Eichstätt
"Blöder kann man nicht beginnen!"

Holpriger Wahlkampfauftakt: SPD-Basis fordert mehr Mitsprache - Kandidaten sind jetzt offiziell gekürt

24.11.2017 | Stand 02.12.2020, 17:10 Uhr
Die Delegierten des SPD-Unterbezirks Eichstätt haben Andrea Mickel als Kandidatin für die Bezirkstagswahl und Christian De Lapuente (rechts) als Kandidaten für die Landtagswahl 2018 nominiert. Zuvor musste UB-Vorsitzender Sven John wegen des Vorgehens Kritik von den Jusos einstecken. −Foto: Chloupek

Grösdorf (EK) Soweit ist beim SPD-Unterbezirk Eichstätt alles klar: Christian De Lapuente ist Direktkandidat für die Landtagswahl, Andrea Mickel bewirbt sich um ein Bezirkstagsmandat. Sie haben die Zustimmung der Delegierten. Allerdings wurde auch deutlich: Die Basis will mehr gefragt werden.
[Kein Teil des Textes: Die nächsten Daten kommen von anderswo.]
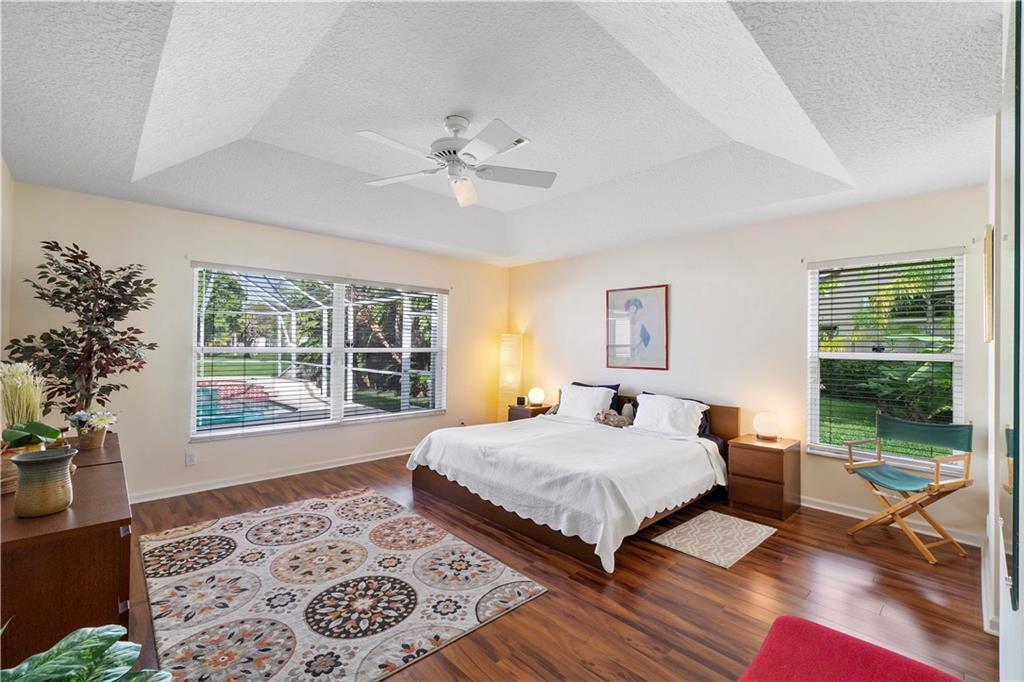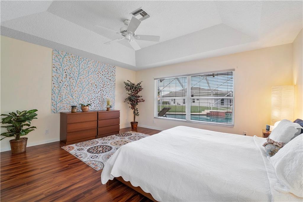 Welcome home to this well maintained sprawling 4 bedroom 3 full baths with warranted NEW ROOF plus Screened Resort style pool and spa all overlooking a tranquil lake . Home sits on a oversized 12,063 sf lot on prime cul de sac location. Dramatic high ceilings and architectural appeal throughout this open triple split Maplewood Addition home with plenty of natural lighting. No Carpet! Newer "wood like" floors in the bedrooms and new tile in all bathrooms. Spacious kitchen with wood cabinets. Large pantry and breakfast area overlooking the family room and backyard. Primary bedroom has 2 large closets and tray ceiling huge bath with seperate tub and shower and 2 seperate vanities. Water your yard for free as sprinkler is off the lake. NO HOA! Close to parks, stores, schools and shops.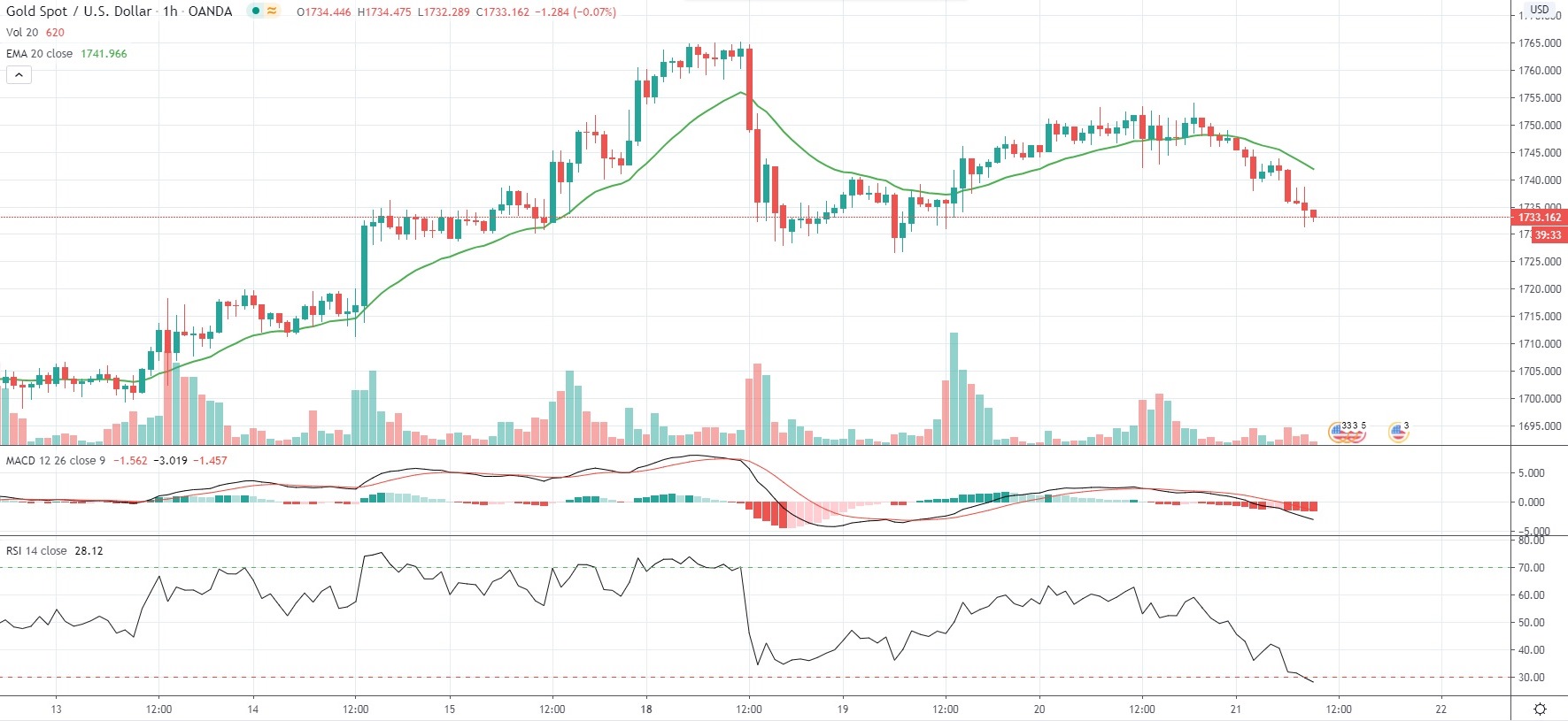 At 9:32 GMT today Spot Gold was losing 0.80% to trade at $1,734.14 per troy ounce, after touching an intraday low of $1,731.43, or a price level not seen since May 19th ($1,726.62). Meanwhile, Gold futures for delivery in June were losing 0.96% on the day to trade at $1,735.30 per troy ounce, while Silver futures for delivery in July were down 1.93% to trade at $17.683 per troy ounce.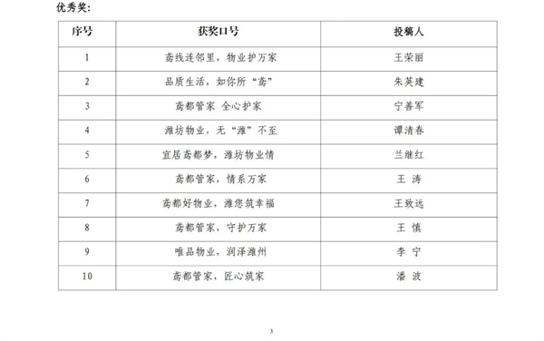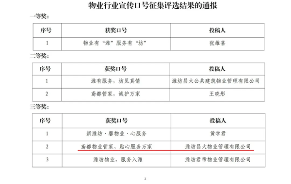 2025年7月11日,全市物業(yè)行業(yè)宣傳口號(hào)征集評(píng)選結(jié)果正式揭曉,昌大物業(yè)憑借“鳶都物業(yè)管家,貼心服務(wù)萬(wàn)家”的響亮口號(hào),從全國(guó)各地800余條投稿中脫穎而出,榮獲三等獎(jiǎng)!這一口號(hào)充分展現(xiàn)了昌大物業(yè)扎根濰坊、服務(wù)萬(wàn)家的責(zé)任擔(dān)當(dāng),同時(shí)展現(xiàn)了昌大物業(yè)“讓生活更美好”的堅(jiān)定服務(wù)承諾。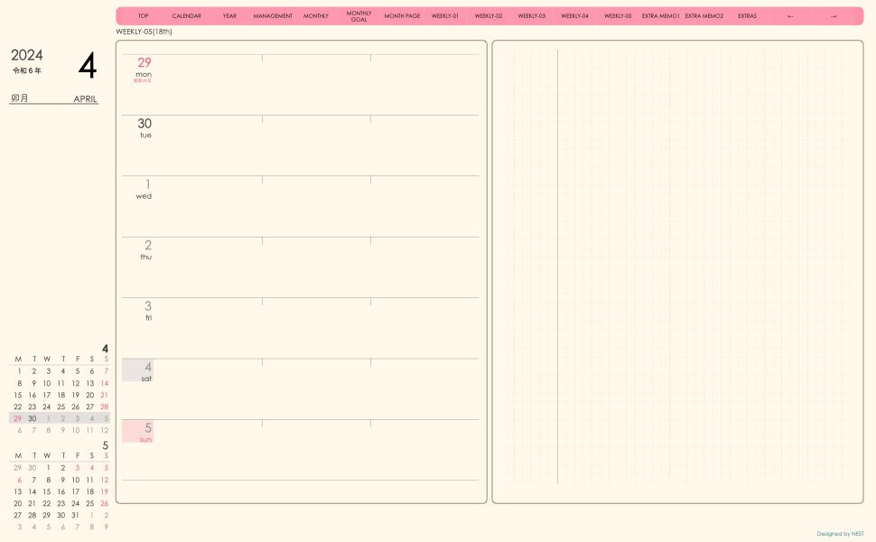 ・ウィークリー(leftデザイン)5ページ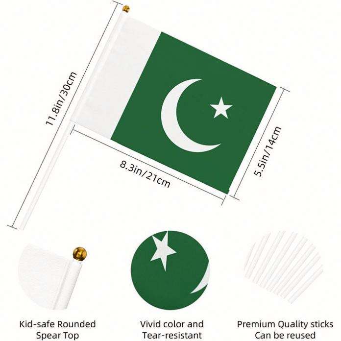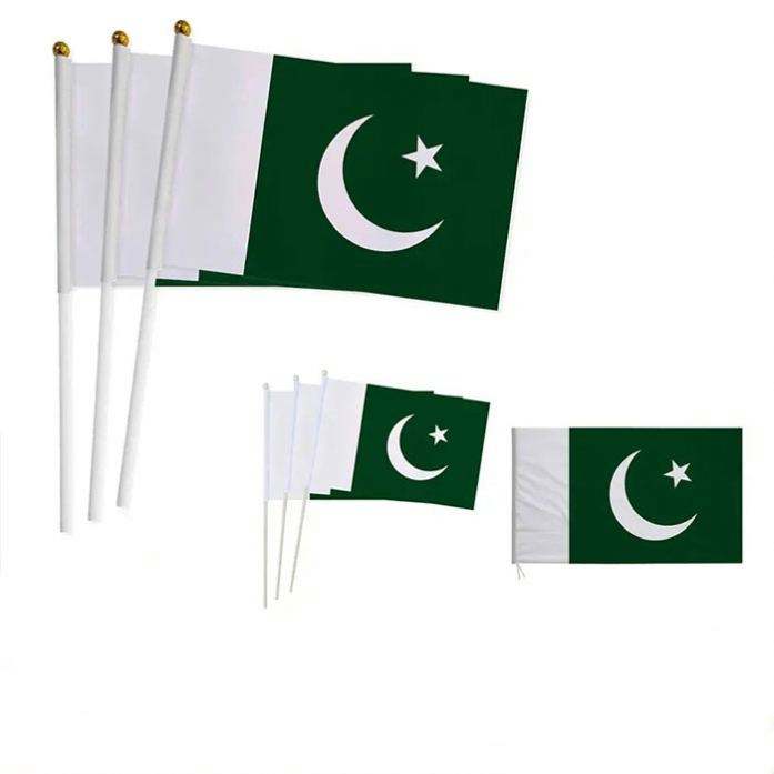 ธงชาติปากีสถานขนาดเล็ก 5.5x8.2 นิ้ว แบบถักมือ ขายดี พร้อมเสาพลาสติก

Der SPD-Unterbezirk Eichstätt ist mit etwa 930 Mitgliedern außerhalb Münchens der stärkste in Oberbayern. Und auch bei der Delegiertenversammlung am Donnerstagabend in Grösdorf wurde an den Tischen natürlich über die Bundespolitik gesprochen: Soll die SPD nach dem Scheitern der Sondierungsgespräche von Union, Grünen und FDP nun doch Bereitschaft für eine große Koalition signalisieren? Soll sie tatsächlich in die Opposition gehen? Die Delegierten aus den Ortsverbänden des Landkreises Eichstätt haben ihre Meinungsbildung noch nicht abgeschlossen, aber es zeichnet sich ein Stimmungsbild ab: Eine Mitgliederbefragung sei dringend geboten, "die Basis muss gehört werden".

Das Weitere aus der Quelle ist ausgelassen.